→ **EXERCISE DIRECTIONS**:
Copy word for word the lines in the records below, starting at the line with "公司介绍称,这款设备旨在解决" and ending at the line with "Adding alternating rows". Skip the pictures.

→ **DATA SUPPLIED**:
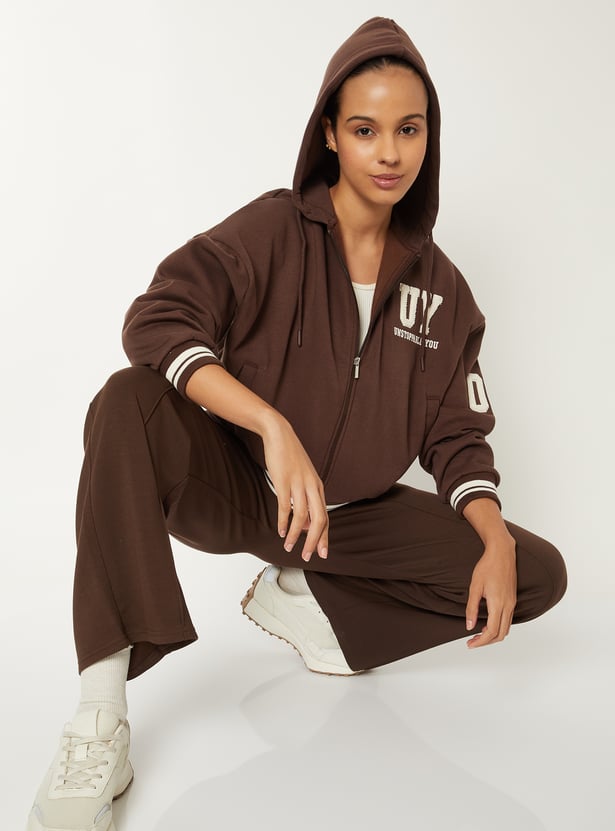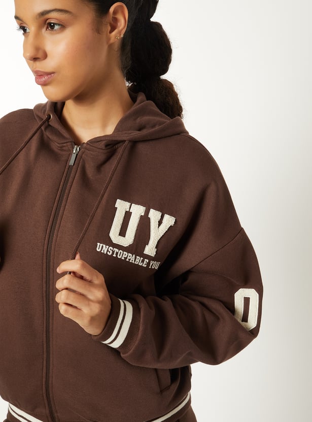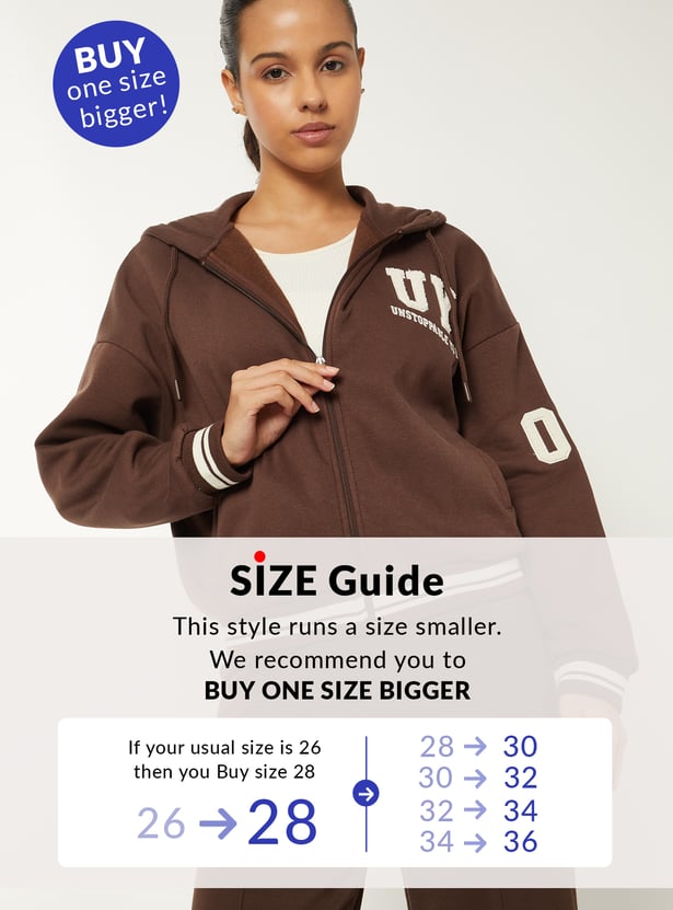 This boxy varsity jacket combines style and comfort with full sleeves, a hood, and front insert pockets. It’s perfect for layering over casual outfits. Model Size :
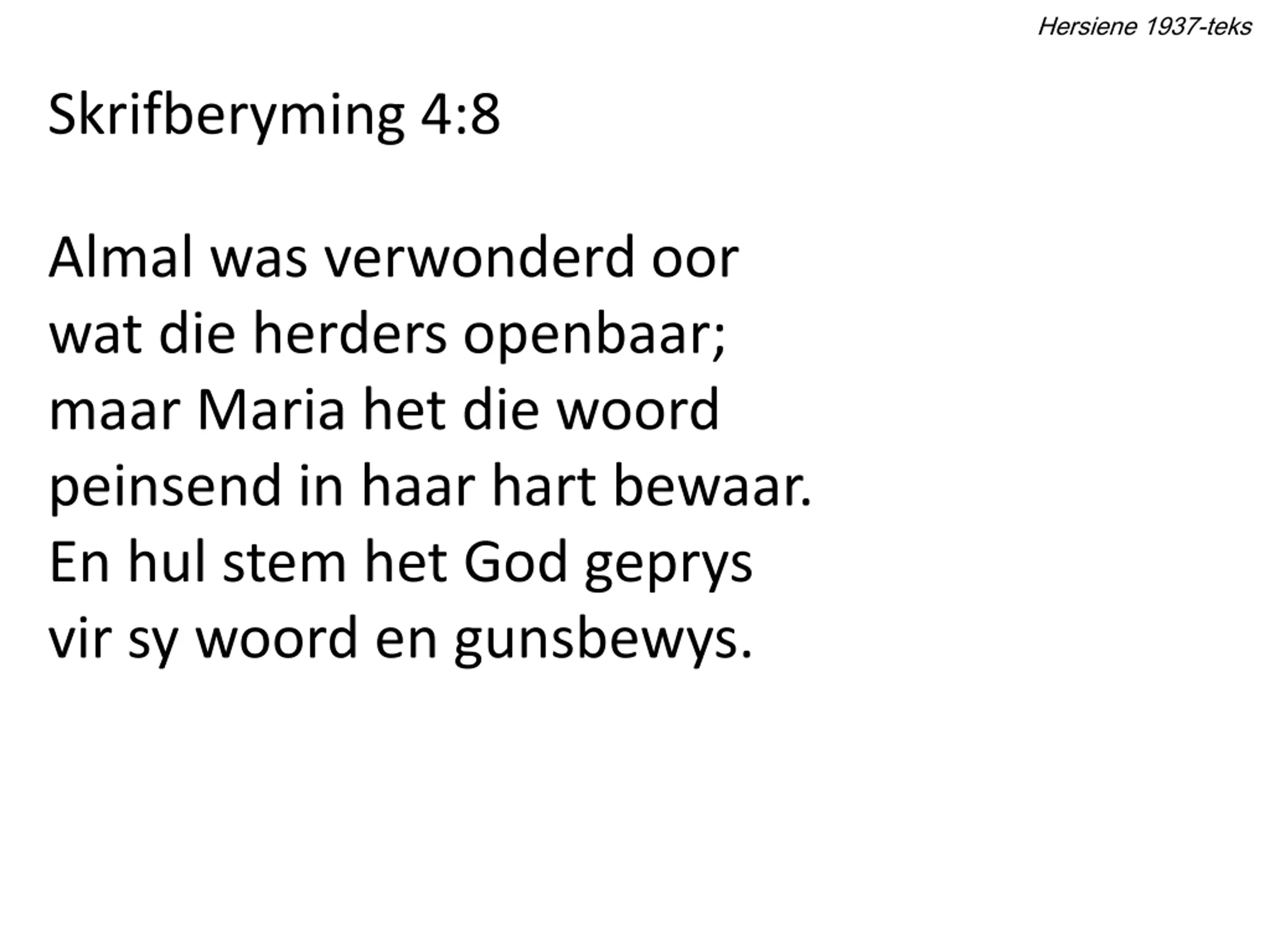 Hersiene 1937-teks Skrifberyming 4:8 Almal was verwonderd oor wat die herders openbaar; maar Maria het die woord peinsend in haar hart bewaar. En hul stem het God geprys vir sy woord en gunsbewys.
--
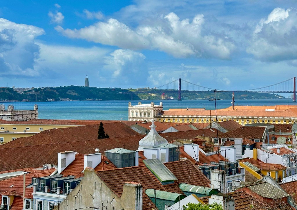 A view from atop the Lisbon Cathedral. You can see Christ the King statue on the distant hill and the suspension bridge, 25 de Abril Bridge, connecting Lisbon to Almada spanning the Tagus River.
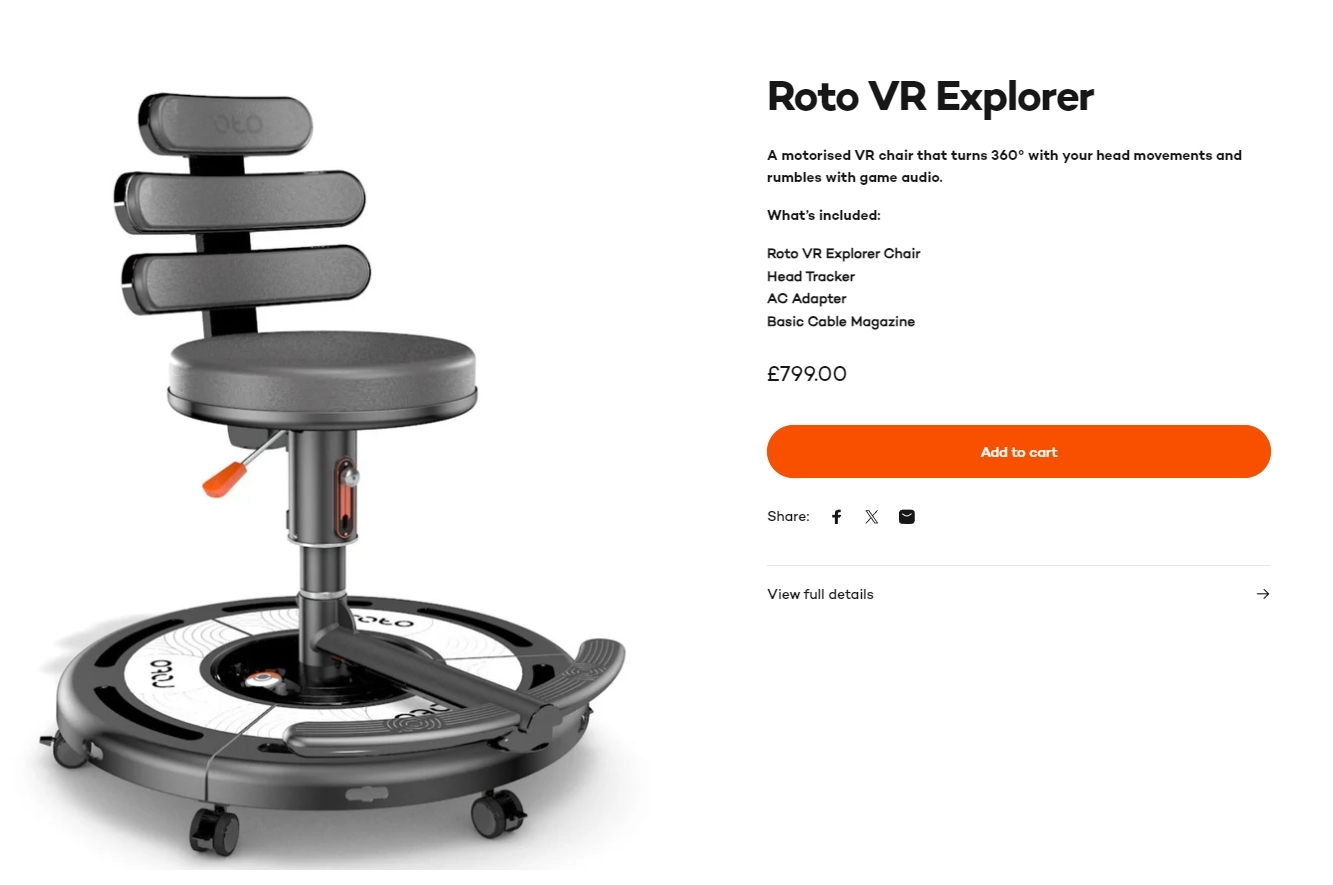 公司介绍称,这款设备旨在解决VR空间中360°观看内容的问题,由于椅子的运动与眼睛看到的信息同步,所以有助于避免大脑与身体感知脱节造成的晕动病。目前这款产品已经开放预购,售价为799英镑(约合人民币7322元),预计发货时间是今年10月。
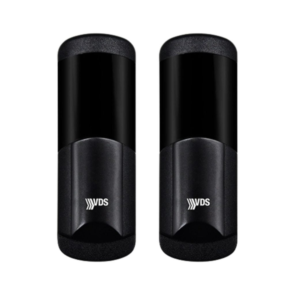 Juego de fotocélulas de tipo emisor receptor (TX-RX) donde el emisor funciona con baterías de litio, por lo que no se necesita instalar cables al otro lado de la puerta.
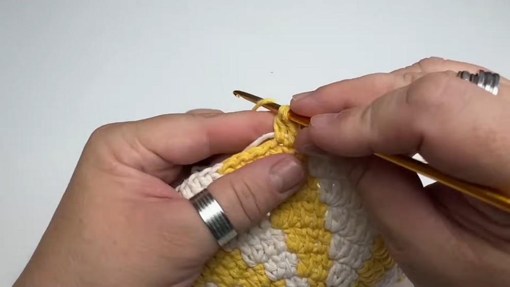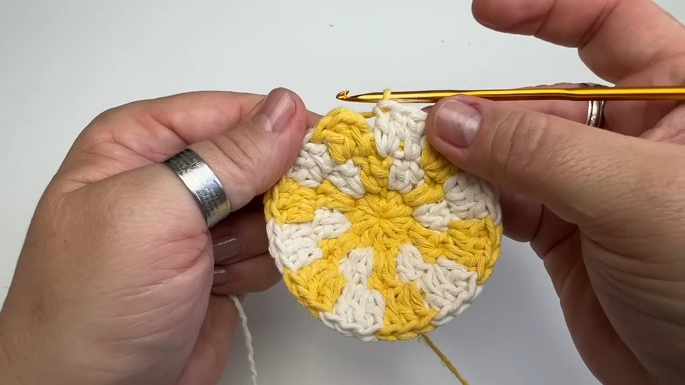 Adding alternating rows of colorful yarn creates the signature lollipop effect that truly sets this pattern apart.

→ **COMPLETED EXERCISE**:
 公司介绍称,这款设备旨在解决VR空间中360°观看内容的问题,由于椅子的运动与眼睛看到的信息同步,所以有助于避免大脑与身体感知脱节造成的晕动病。目前这款产品已经开放预购,售价为799英镑(约合人民币7322元),预计发货时间是今年10月。
 Juego de fotocélulas de tipo emisor receptor (TX-RX) donde el emisor funciona con baterías de litio, por lo que no se necesita instalar cables al otro lado de la puerta.
 Adding alternating rows of colorful yarn creates the signature lollipop effect that truly sets this pattern apart.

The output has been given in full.